The effect of a combined treatment using aqueous chlorine dioxide (ClO ) and hot-air drying to inactivate Bacillus cereus spores on red chili peppers was evaluated. Ten washed and dried pepper samples, each comprising half of a single pepper (Capsicum annuum L.), were inoculated with B. cereus spore suspension. The inoculated samples were washed with sodium hypochlorite (NaOCl; 50, 100, or 200 μg/mL) or ClO (50, 100, or 200 μg/mL) solution for 1 min and then air-dried (25 ± 1 °C, 47 ± 1% relative humidity), which was followed by drying with hot air at 55 °C for up to 48 h. The spore populations on the samples were enumerated and their a and chromaticity values were measured. The spore numbers immediately after treatment with NaOCl and ClO were not significantly different. A more rapid reduction in spore numbers was observed in the samples treated with ClO than those treated with NaOCl during drying. A combined treatment of ClO and hot-air drying significantly reduced the spore populations to below the detection limit (1.7 log CFU/sample). B. cereus spores on chili peppers were successfully inactivated by washing with ClO solution followed by hot-air drying whereas the pepper color was maintained.

摘要

评估了使用二氧化氯水溶液(ClO)和热风干燥联合处理对红辣椒上蜡样芽孢杆菌孢子的灭活效果。

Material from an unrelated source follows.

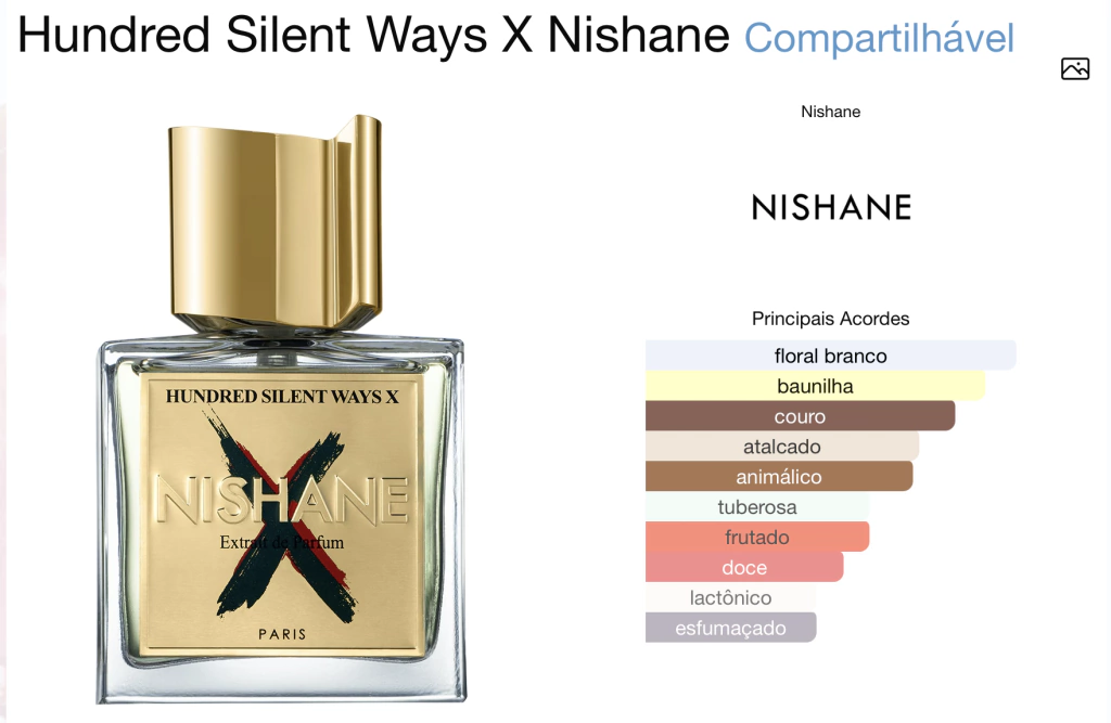 Hundred Silent Ways X é sensual, elegante e com presença. Abre com frutas e flores brancas, evolui para um coração floral mais encorpado e se fixa na pele com um fundo quente e levemente ousado. Perfeito pra quem ama perfumes com personalidade forte, toque adocicado e excelente fixação.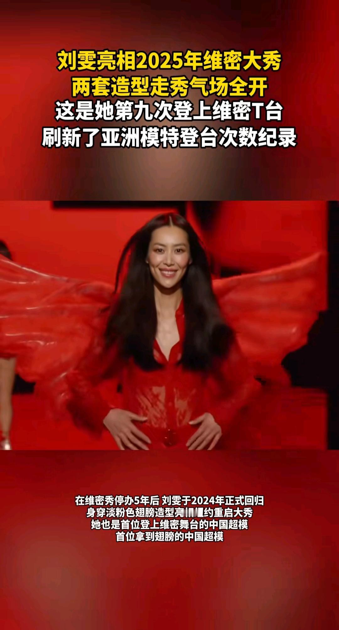 时尚圈更新换代比翻书还快 刘雯却在维密舞台站了十几年 2025年大秀一出场 直接把亚洲纪录刷到第九次 她是第一个踏上维密的中国模特 也是第一个拿到专属翅膀的中国人 维密停办五年再重启 她立马回归稳住场面 这次两套造型反差拉满 一套像裹着冰雪的女神 清冷又优雅 一套是全红裤装配翅膀 帅气得没边 没人知道那条红裤子有三十斤重 她走台步却稳得像踩在平地上 有人说造型保守不够亮眼 可真正的气场从不用暴露来撑 从旅游管理专业跨界模特 她靠的不是运气是硬实力 时尚舞台从不是昙花一现的地方 能一次次被记住的 永远是扎实的功底和独特的气质 这样的中国超模 谁能不爱看 你觉得她哪套造型更戳你

将十个洗净并干燥的辣椒样品(每个样品由单个辣椒(辣椒属)的一半组成)接种蜡样芽孢杆菌孢子悬浮液。对接种后的样品用次氯酸钠(NaOCl;50、100或200μg/mL)或ClO(50、100或200μg/mL)溶液洗涤1分钟,然后风干(25±1°C,相对湿度47±1%),随后在55°C下用热风干燥长达48小时。对样品上的孢子数量进行计数,并测量其a*和色度值。用NaOCl和ClO处理后立即测得的孢子数量没有显著差异。在干燥过程中,观察到用ClO处理的样品比用NaOCl处理的样品孢子数量减少得更快。ClO和热风干燥的联合处理显著降低了孢子数量,使其低于检测限(1.7 log CFU/样品)。用ClO溶液洗涤后再进行热风干燥,成功灭活了辣椒上的蜡样芽孢杆菌孢子,同时保持了辣椒的颜色。